Python backend cannot support KIND_GPU in model config
See original GitHub issueDescription I am using the python backend and the code layout is as below:
root@a2719af22867:/server/docs/examples/demo_model_repository# tree
.
`-- pycuda
|-- 1
| |-- model.py
| `-- triton_python_backend_utils.py
`-- config.pbtxt
I am using the PyCuda
package, and the model.py
is as below:
import pycuda.autoinit
import pycuda.driver as drv
import numpy as np
from timeit import default_timer as timer
from pycuda.compiler import SourceModule
import sys
import json
import triton_python_backend_utils as pb_utils
class TritonPythonModel:
"""Your Python model must use the same class name. Every Python model
that is created must have "TritonPythonModel" as the class name.
"""
def initialize(self, args):
"""`initialize` is called only once when the model is being loaded.
Implementing `initialize` function is optional. This function allows
the model to intialize any state associated with this model.
Parameters
----------
args : dict
Both keys and values are strings.

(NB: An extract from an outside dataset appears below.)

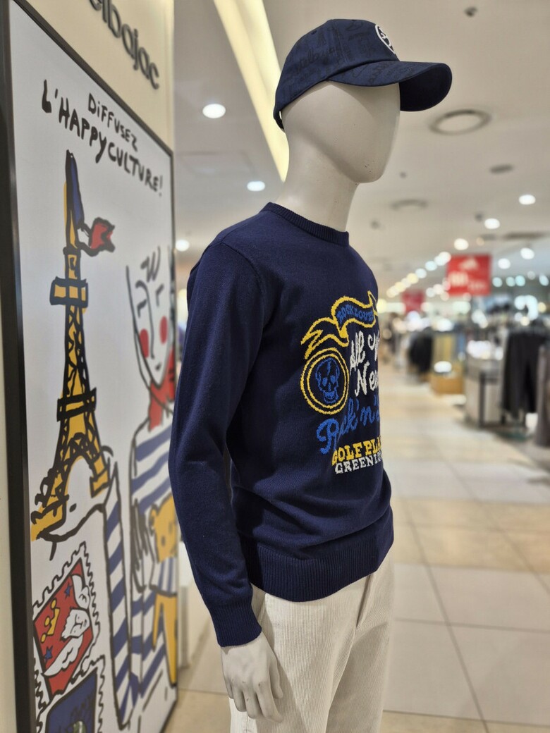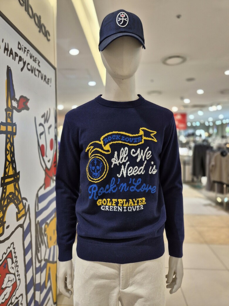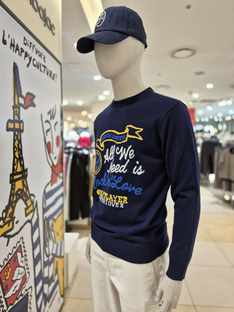 남성 아트웍 포인트 라운드넥 방풍 니트셔츠 BGDWSW202 NY

The dictionary keys and values are:
* model_config: A JSON string containing the model configuration
* model_instance_kind: A string containing model instance kind
* model_instance_device_id: A string containing model instance device ID
* model_repository: Model repository path
* model_version: Model version
* model_name: Model name
"""
mod = SourceModule("""
__global__ void func(float *a, float *b, float *c, size_t N)
{
const int i = blockIdx.x * blockDim.x + threadIdx.x;
if (i < N)
{
c[i] = a[i] + b[i];
}
}
""")
self.func = mod.get_function("func")
# You must parse model_config. JSON string is not parsed here
self.model_config = model_config = json.loads(args['model_config'])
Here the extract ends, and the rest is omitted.